As a part of Software Development Lifecycle, the major focus of developers is mostly around the coding, optimising and testing the business logic. However, while or even before writing code for the application, not much attention is given to what would happen when application as a dependent/independent system would be up & running in production. This leads to lot of complexities, inefficiencies, unwanted surprises and challenges when the code is pushed to production — most of which could have been eliminated or reduced had we thought of them little early. There comes the necessity of Operability Review. By the term Software Operability — we mean the readiness of a new software to be deployed in production and start handling real traffic. The whole purpose of doing Operability Review of a service is to ensure that it runs Well once deployed, operates as smoothy as possible, very minimal manual intervention is needed to make it up & running.
At Indix HQ, we take operability seriously and engage everyone to have regular reviews around the operability items so that we don’t miss anything important and discover them late. In this blog, we will discuss the process we follow, the areas we focus while doing such reviews and how good this has proved to our product life cycle.
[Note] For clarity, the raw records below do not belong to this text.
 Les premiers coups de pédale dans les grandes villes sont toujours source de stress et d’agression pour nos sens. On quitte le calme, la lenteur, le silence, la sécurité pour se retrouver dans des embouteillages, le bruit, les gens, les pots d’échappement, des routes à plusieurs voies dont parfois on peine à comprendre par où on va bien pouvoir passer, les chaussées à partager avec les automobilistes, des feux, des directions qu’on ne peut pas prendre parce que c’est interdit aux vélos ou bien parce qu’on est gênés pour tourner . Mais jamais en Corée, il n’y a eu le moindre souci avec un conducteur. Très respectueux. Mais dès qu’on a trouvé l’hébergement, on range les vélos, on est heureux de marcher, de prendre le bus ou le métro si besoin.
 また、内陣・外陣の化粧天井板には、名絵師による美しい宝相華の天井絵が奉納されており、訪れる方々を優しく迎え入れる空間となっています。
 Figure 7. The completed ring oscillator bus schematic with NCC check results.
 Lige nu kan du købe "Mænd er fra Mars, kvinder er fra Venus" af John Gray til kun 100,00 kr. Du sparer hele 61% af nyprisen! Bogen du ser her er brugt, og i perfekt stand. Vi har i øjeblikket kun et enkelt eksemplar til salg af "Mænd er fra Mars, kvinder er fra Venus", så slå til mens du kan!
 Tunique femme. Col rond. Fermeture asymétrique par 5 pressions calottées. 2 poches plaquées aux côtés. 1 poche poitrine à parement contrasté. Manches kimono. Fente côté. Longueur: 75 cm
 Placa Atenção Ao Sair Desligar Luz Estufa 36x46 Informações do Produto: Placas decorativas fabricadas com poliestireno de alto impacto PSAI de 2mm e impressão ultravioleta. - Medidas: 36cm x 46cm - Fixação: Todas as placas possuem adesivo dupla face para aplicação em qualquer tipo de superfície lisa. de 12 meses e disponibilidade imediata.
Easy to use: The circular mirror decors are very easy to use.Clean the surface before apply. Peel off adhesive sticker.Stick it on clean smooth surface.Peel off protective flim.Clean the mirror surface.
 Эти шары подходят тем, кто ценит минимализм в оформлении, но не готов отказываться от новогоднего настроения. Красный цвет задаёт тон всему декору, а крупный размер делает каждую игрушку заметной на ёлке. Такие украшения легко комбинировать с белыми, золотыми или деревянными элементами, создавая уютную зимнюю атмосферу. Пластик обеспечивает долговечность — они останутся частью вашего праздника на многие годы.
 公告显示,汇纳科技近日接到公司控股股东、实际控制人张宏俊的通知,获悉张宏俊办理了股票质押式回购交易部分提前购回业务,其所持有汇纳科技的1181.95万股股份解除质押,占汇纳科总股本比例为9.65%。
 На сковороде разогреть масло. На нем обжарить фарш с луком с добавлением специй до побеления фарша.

Elements of Operability Review
Before we begin to discuss how do we perform operability review in Indix & what are the areas we cover under that, let’s first try to classify various aspects of a system running in production. From a very high level, health of any system/ application can be categorized as follows -
- System Architecture
- Configuration management & deployment
- Data storage
Above are the areas which we should further break up into specific components & review them separately. Also note that, Cost is a critical area which is not mentioned above since it is not really an attribute of the system. But everything we do — we try to optimise the cost incurred due to the same. The following diagram shows the coverage of all the aspects under Operability:
Architecture & Deployment diagram:
The first thing is to have the deployment & architecture diagrams. Where architecture depicts the logical flow of request/ response inside the system, deployment diagram is focussed on the actual infrastructure. But if the system is not too complex, it makes sense to have them in a single diagram. Having these diagram/s helps people unfamiliar with the application to get a quick understanding of what is inside. This also helps in technical discussions around the other areas under operability.
Our entire infrastructure is in AWS so we really don’t have options in terms of hosting. Though we plan to evaluate other Cloud providers like Azure or GCE in future, EC2 is the choice at this point.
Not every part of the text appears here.